Overarching GOALS
From the outset, CSAFE and NIST set out to address the growing demand for forensics tools and methods specifically for digital evidence –– all built on strong probabilistic and statistics foundations.
Digital devices play a central role in modern society and criminal investigations requiring examination of digital devices and digital artifacts are common.
Examples of digital evidence based activities of forensic experts include detecting the use of steganographic algorithms by criminals to hide illicit text or images in otherwise innocent pictures or videos, recovering illicit data/software hidden on phones/tablets, and examining digital traces of user activity (e.g., messages/texts, login events) for signs of criminal activity.
Looking for
WEBINARS,
Short courses, presentations or publications
on Digital Evidence?
Additional Team Members
Roy Maxion
maxion@cs.cmu.edu
Hal S. Stern
sternh@uci.edu
Li Lin
llin@iastate.edu
Barbara Guttmann (NIST) barbara.guttman@nist.gov
focus Areas
The CSAFE team at ISU has developed and made public a reference dataset, StegoAppDB, comprised of more than 960,000 highly-provenanced image data created using our unique approach of modeling the steganography (stego) software applications (because their algorithms are not public). The data is used to develop and test algorithms and create new models of the camera pipeline. The next generation of algorithms for detecting hidden images will rely on deep learning algorithms with millions of free parameters (see, e.g., Boroumand et al., 2019). We are growing the database substantially through automation of the image data collection and stego creation process, such as using a drone to collect copious amounts of image data — in order to allow investigators to work with deep learning methods.
Steganography is a tool to send a secret message hidden in a common medium, like a digital image, so that the very existence of the payload escapes notice. The effort to hide and detect payload are inverse: a developer can easily create an app to hide payload, while steganalysis, or detection of hidden content, by a forensic image analyst requires expert knowledge and often extensive resources. Hundreds of thousands of stego apps have been downloaded for mobile devices, yet, until recently, steganalysis has appeared mainly in academic settings and not specifically for mobile apps.

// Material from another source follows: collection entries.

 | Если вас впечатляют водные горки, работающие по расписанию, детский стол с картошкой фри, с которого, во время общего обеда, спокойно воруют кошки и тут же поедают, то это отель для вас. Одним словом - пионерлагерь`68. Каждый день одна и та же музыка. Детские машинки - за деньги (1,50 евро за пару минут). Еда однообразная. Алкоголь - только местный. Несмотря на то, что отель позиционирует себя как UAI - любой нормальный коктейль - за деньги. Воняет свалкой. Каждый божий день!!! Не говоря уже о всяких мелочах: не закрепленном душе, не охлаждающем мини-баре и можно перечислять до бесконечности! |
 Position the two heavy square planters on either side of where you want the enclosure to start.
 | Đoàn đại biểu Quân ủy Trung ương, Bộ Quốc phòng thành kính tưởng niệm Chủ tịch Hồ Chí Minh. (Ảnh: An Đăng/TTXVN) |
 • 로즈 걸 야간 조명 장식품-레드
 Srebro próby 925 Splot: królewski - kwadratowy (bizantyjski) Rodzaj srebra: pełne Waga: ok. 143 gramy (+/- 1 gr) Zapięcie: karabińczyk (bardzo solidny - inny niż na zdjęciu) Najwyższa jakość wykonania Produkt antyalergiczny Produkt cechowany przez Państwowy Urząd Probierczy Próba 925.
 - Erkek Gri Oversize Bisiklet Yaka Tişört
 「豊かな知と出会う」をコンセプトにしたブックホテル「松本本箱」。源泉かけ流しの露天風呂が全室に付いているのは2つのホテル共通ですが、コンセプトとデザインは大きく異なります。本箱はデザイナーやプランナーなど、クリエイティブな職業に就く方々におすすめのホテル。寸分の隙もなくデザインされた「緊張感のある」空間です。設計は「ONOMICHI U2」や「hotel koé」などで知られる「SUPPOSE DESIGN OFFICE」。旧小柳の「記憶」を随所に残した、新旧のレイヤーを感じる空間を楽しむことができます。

In CSAFE 1.0, our project focused on the careful construction of the first forensic reference database for stego images created from mobile apps, producing StegoAppDB. StegoAppDB has more than 960,000 innocent and stego images, is fully provenanced and copyright-free, and publicly available online. However, StegoAppDB contains only indoor scenes, a limited number of distinct scenes, and a limited number of auto exposure images. For CSAFE 2.0, we propose to add image data selectively to enhance the attractiveness of StegoAppDB for wider use in the forensic imaging community, in the following manner:
- Add several million outdoor images so that the most successful machine learning techniques, deep learning neural networks, have access to ample data.
- Add images that have been photo-edited before embedding payload, which we suspect is a common occurrence. In fact, it is speculated that image editing operations may affect steganalysis error rates, but little to nothing is known about this, and certainly nothing for mobile stego images.

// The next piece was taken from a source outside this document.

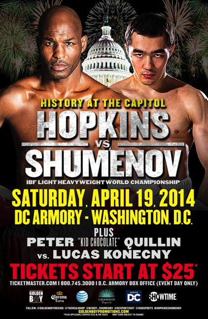 Hopkins vs. Shumenov, a 12-round fight for the IBF, IBA and WBA Light Heavyweight World Championship, will take place Saturday, April 19 at the DC Armory in Washington, D.C. The event is promoted by Golden Boy Promotions and sponsored by Corona, AT&T and Casamigos Tequila. In the co-features, Peter Quillin puts his WBO Middleweight World Title on the line against Lukas Konecny in a 12-round bout and Shawn Porter faces Paulie Malignaggi in a 12-round welterweight bout for his IBF World title. The live SHOWTIME CHAMPIONSHIP BOXING® telecast will begin at 9 p.m. ET/PT (delayed on the West Coast) and will be available in Spanish via secondary audio programming (SAP).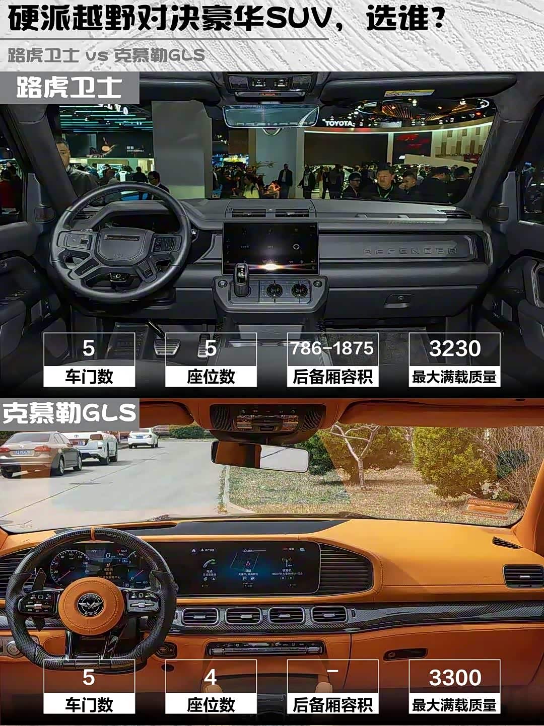 卫士的方盒子造型不是白给的,后备箱786L起,放倒后排直接变身1.8米露营床。最绝的是侧开尾门,取大件行李不用练瑜伽。克慕勒走的是豪华包厢路线,四座布局带电动腿托,真皮座椅带按摩,但装货能力就...上次帮朋友搬家只能塞下两个登机箱。

- Include stego apps beyond those currently in StegoAppDB and create an in-house detection tool for verification of our stego process, since no software package exists specifically to detect stego images created with mobile stego apps. We will use emulators and reverse engineering for the stego app analysis to retain accurate parameters for data provenance.
Our goal is to acquire outdoor scene data in a resource-efficient manner using a car, a bike, and/or a robot, with our in-house camera app Cameraw, taking many photos in an automated fashion, using simple and inexpensive mounts.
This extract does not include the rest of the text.